Forge World Vindicator Build – Part 2

Part two of my Forge World Vindicator build, and in this instalment I’ll mainly be looking at fettling and fitting the top resin piece of the tank.

The first thing I tackled was the thing that bothered me most about this kit, and that was the gap between the resin part and the plastic kit, right at the front, just above the ram. Now before you ask, no it isn’t me putting it together incorrectly, if you look at the Forge World page, that gap is (supposed to be?) there.

There's a hole in tank, dear Eliza!

There’s a hole in tank, dear Eliza!

I really didn’t like it, so with the help of some Plasticard, I made it go away.

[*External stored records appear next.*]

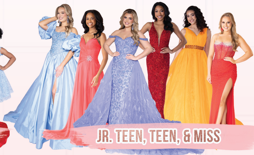
JR. TEEN, TEEN, & MISS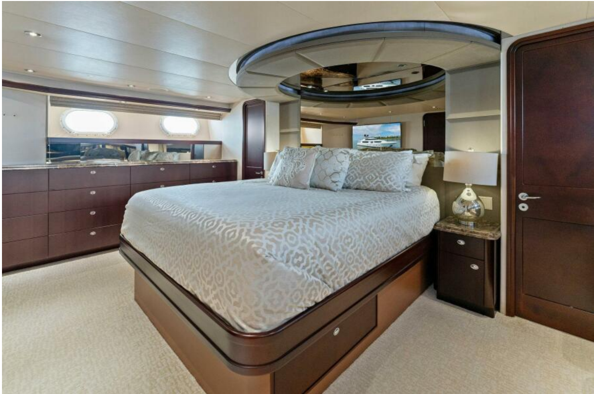
2002 112 Westport Motor Yacht Eclipse Master Stateroom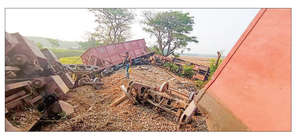
Photos show debris and damage left in the wake of the mine blast perpetrated by terrorists.

THE No 686 Down train, which ran for the Thaephyugon-Kali section on the Bago-Mawalmyine railway, derailed between mileposts 123/1-122/2 of Theinseik and Donwun stations after hitting a mine at 7:10 am yesterday. The mine was planted by insurgent groups.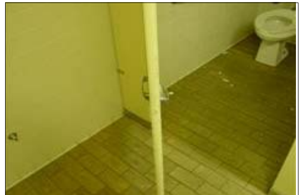
Women's Restroom at the Clubhouse

Full Rec: Provide an automatic door closer, spring hinge, pull bar or accessible handle mounted on the inside of the stall door to the stall designated to be accessible in the restroom (see ADAAG A4.17.5). Accessible hardware on the inside and outside of the stall designated to be accessible door shall be equipped with a loop or U-shaped handle mounted immediately below the latch. The latch shall be flip-over style, sliding or other hardware not requiring grasping or twisting. Make certain that the inside and outside door hardware is mounted no more than 48 inches above the finished floor (see CBC 115B.7.1.3 and ADAAG 4.13.9).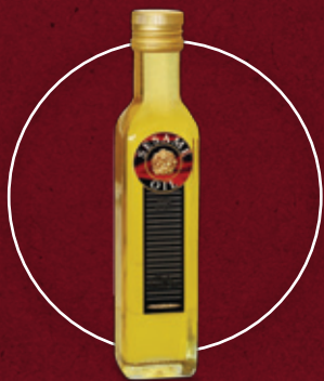
250ML Marasca bottle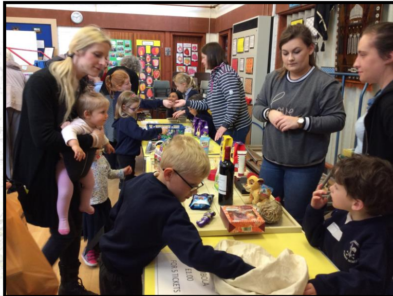
Easter Fair organised by the P.T.F.A.

Chollerton First School has a very supportive Parents, Teachers and Friends Association which meets for social events, fund raising, fostering home/school links and for Curriculum information events. All parents are automatically welcomed into the P.T.F.A.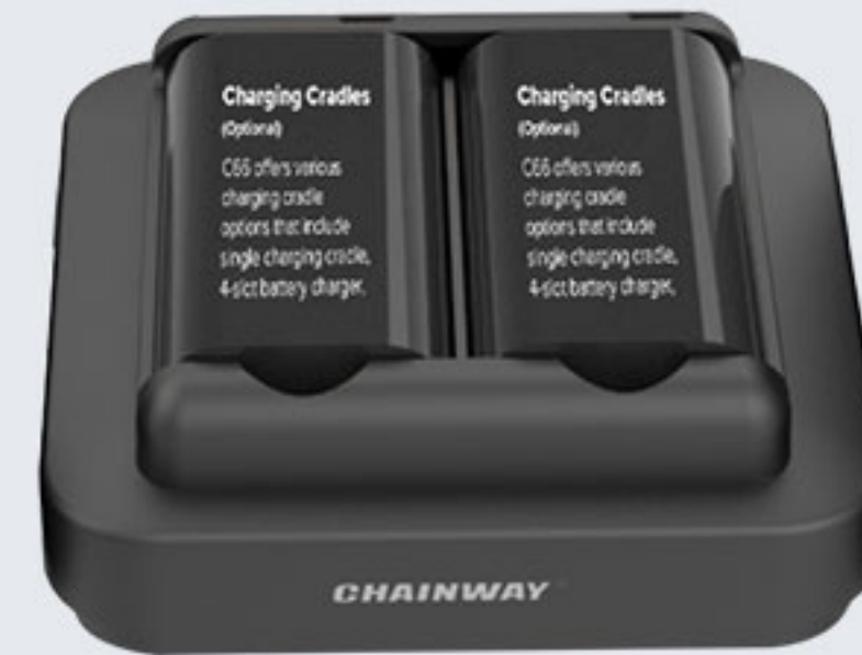
CRD-C61-PBC Charging Cradle for pistol battery, up to 2 slots, use with DCP-WR-12V2A-XX adapter.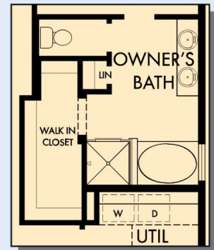
OPTIONAL SLIDE-IN TUB WITH SEPARATE SHOWER AT OWNER'S BATH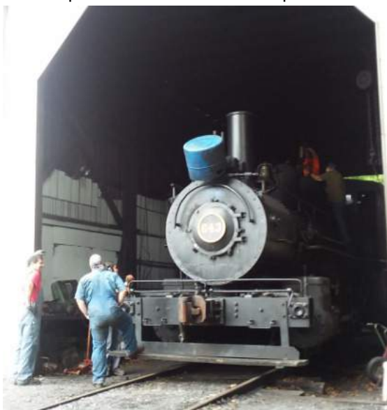
Left above: Will 643 go out today or won't she?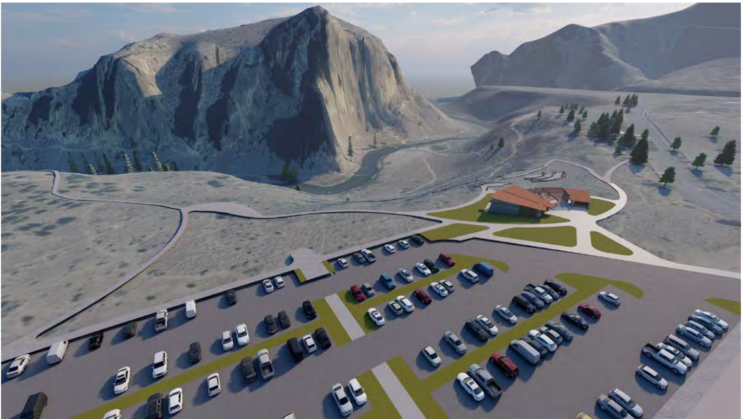
Figure 20: Welcome Center Perspective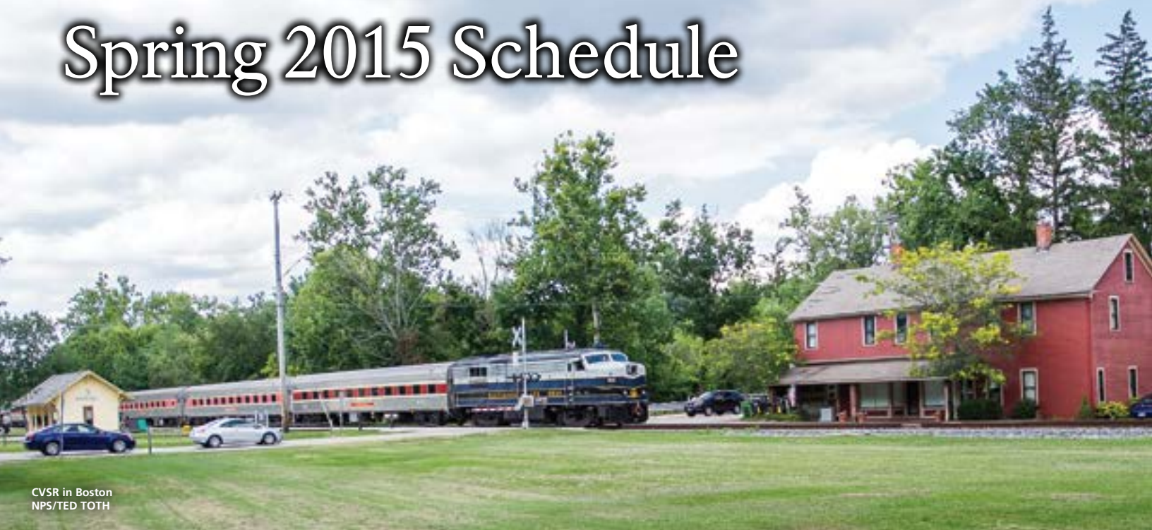
CVSR in Boston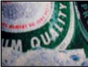
cutout 6 x 4 cm

for short promotion at the POS as long life counter or barnmat can also be used as advertising medium on the wall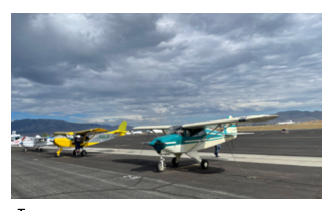
Tuesday morning as the clouds were clearing over Minden.

The visibility that afternoon got down to ½ mile, but the weather forecast was for showers Monday night and Tuesday morning. With this hope, we went out to a great Bar-B-Que place and watched football with dinner. As we headed back to the warehouse, there were a few sprinkles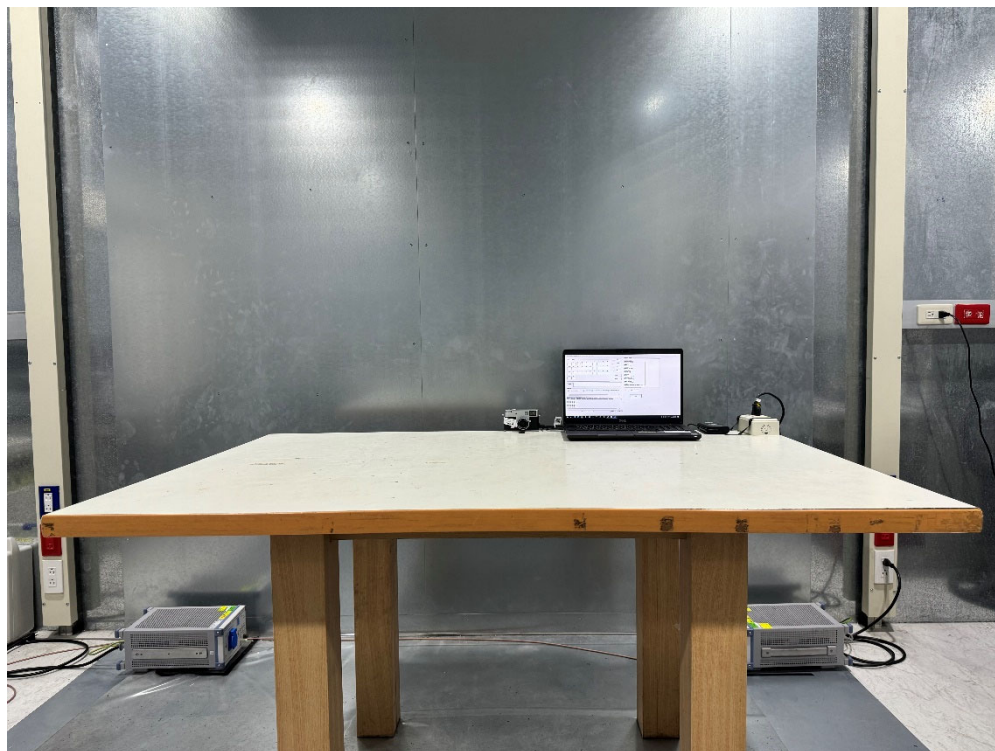
Back View of AC Power Line Conducted Emission Test

With Plasticard, and no hole

With Plasticard, and no hole

Next up, I set about tidying up the thin casting, and generally tidying the edges up around the top piece. I thought about breaking out the my model filler, or using some green stuff, but decided getting a decent finish would be an absolute nightmare. So I settled for  gluing some thin Plasticard over the hole from the inside! Once painted, you’ll never be able to tell. The photos below show the thin casting in question, and the overspill of resin I mentioned in Part 1.

Here you can see the thin casting and the bubbles

Here you can see the thin casting and the bubbles

The thin casting from the underside, and the remains of some overspill

The thin casting from the underside, and the remains of some overspill

With that all done, I could move on to tweaking the fit of the top piece. As I was dealing with a thicker bit of resin this time around, I opted for the hot water method of persuasion. A dip in the sink, and some fast fingers, and I soon had the top straightened out, and fitting nicely. Next it was glued on, the I attacked some of it with the model filler.

Almost fully dressed now. The top piece straightened, glued, and filled etc

Almost fully dressed now. The top piece straightened, glued, and filled etc

Finally, all the small bits were glued on. The cannon, mantlet, and ram have all been left off to make painting a bit easier. Once the bulkhead behind the cannon has been painted, I’ll be fitting those last few parts.

Finally ready for paint!

Finally ready for paint!

In the next part, I’ll be throwing some paint on the thing, till then TTFN!